[Available data Boundary: Start]
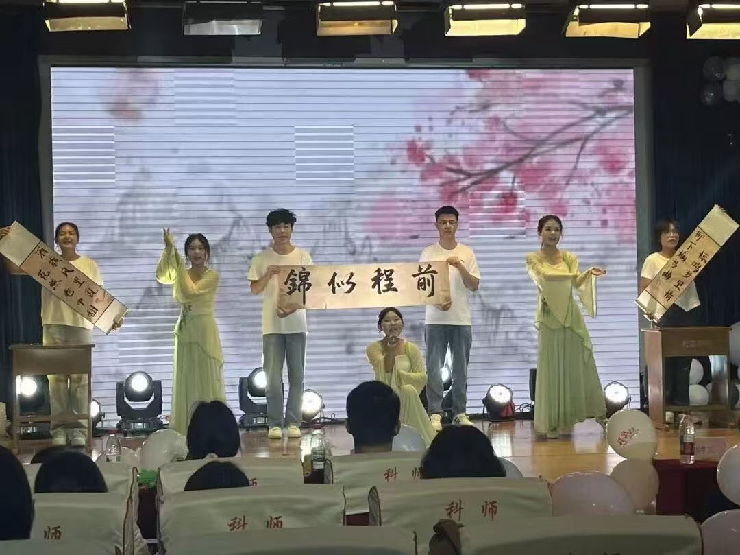 金风携桂香漫溢,青春伴星光启航。2025年9月28日晚七时,乐天使“星河璀璨,科师启航”迎新晚会在综合楼二楼报告厅华彩启幕。公司领导、老师与全院学子欢聚一堂,共赴这场融艺术之美、民族之情与红色之魂的青春盛宴。
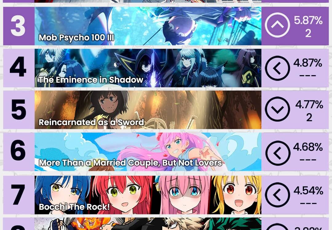 A destacar el re-ingreso al top de Akiba Maid War. Además, Golden Kamuy 4ta temporada, será retirado de las opciones de votación por el retraso en su emisión.
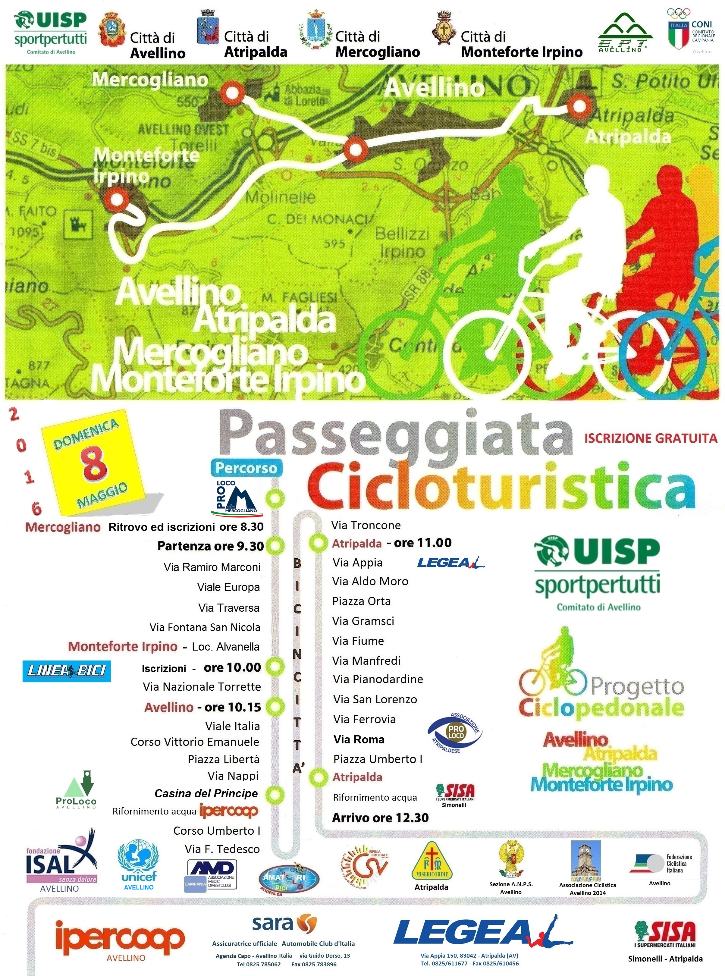 Anche quest’anno torna Bicincittà. La Sede Territoriale dell’Associazione Amici di ISAL di Avellino organizza in collaborazione con la UISP di Avellino Domenica 8 Maggio una Passeggiata Cicloturistica che partirà da Monteforte Irpino passando per Mercogliano e Avellino fino ad arrivare ad Atripalda. Il percorso, di 18 km, permetterà di osservare alcuni attrattori turistici delle cittadine.
[Available data Boundary: End]
Prompt →
Transcribe exactly, and without any pictures, each line from the one that holds "A destacar el" through the final line of the material above.

Exercise result →
 A destacar el re-ingreso al top de Akiba Maid War. Además, Golden Kamuy 4ta temporada, será retirado de las opciones de votación por el retraso en su emisión.
 Anche quest’anno torna Bicincittà. La Sede Territoriale dell’Associazione Amici di ISAL di Avellino organizza in collaborazione con la UISP di Avellino Domenica 8 Maggio una Passeggiata Cicloturistica che partirà da Monteforte Irpino passando per Mercogliano e Avellino fino ad arrivare ad Atripalda. Il percorso, di 18 km, permetterà di osservare alcuni attrattori turistici delle cittadine.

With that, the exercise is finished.